Given material:
******

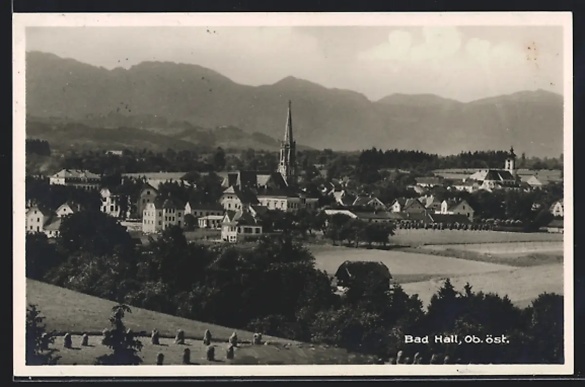 AK Bad Hall /Ob.Öst., Ortsansicht mit Kirche, im Vordergrund Heugarben
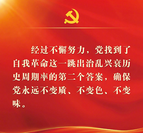 二、經(jīng)過不懈努力,黨找到了自我革命這一跳出治亂興衰歷史周期率的第二個答案,確保黨永遠不變質(zhì)、不變色、不變味。
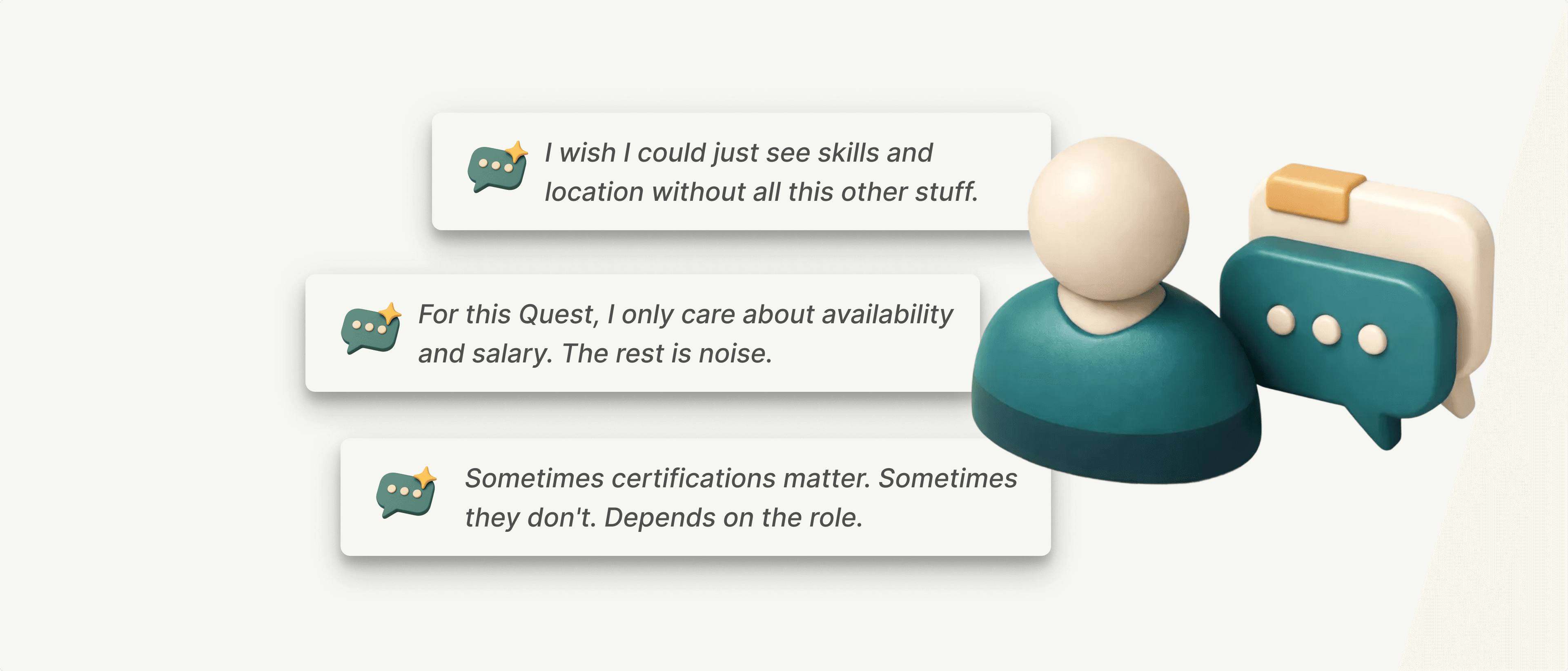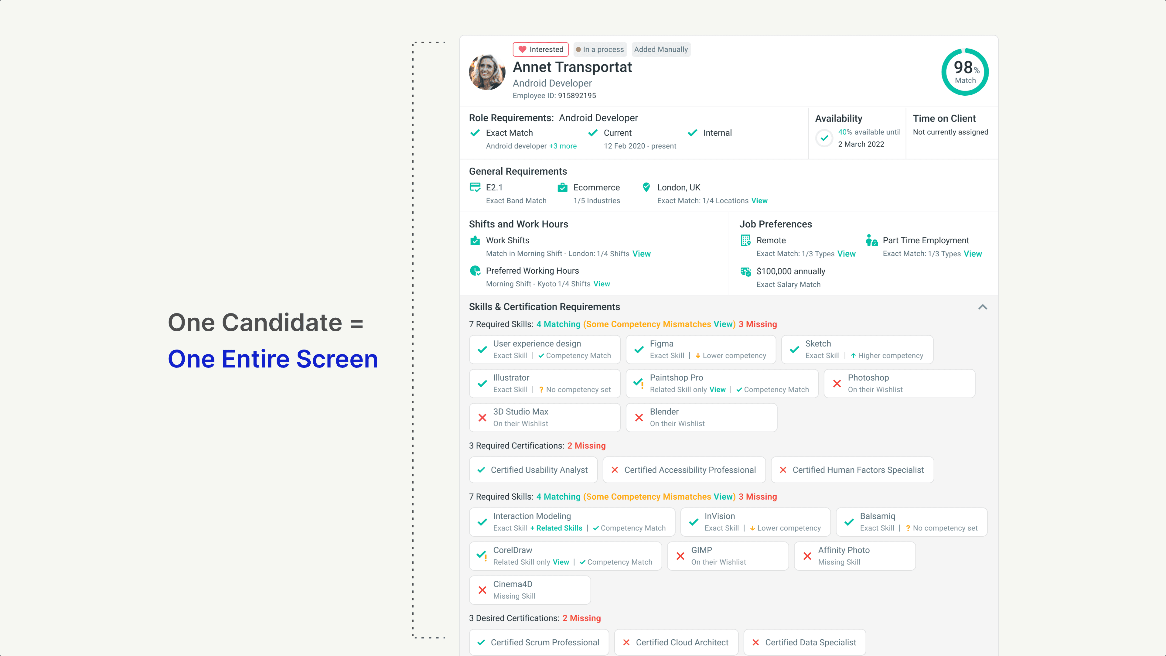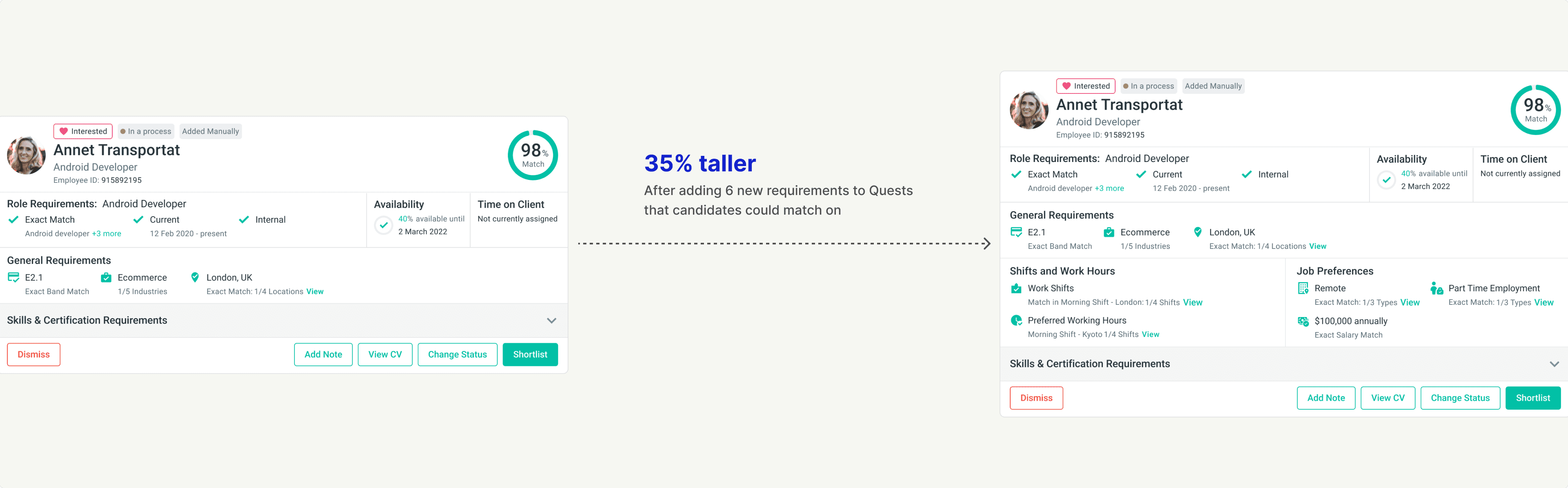 When a Quest had a handful of requirements (role title, band level, location) the card was compact and scannable. You could see 3-4 candidates on screen at once. It worked.

******

To do:
Give back the material exactly as written, images excluded.

Your response:
 AK Bad Hall /Ob.Öst., Ortsansicht mit Kirche, im Vordergrund Heugarben
 二、經(jīng)過不懈努力,黨找到了自我革命這一跳出治亂興衰歷史周期率的第二個答案,確保黨永遠不變質(zhì)、不變色、不變味。
 When a Quest had a handful of requirements (role title, band level, location) the card was compact and scannable. You could see 3-4 candidates on screen at once. It worked.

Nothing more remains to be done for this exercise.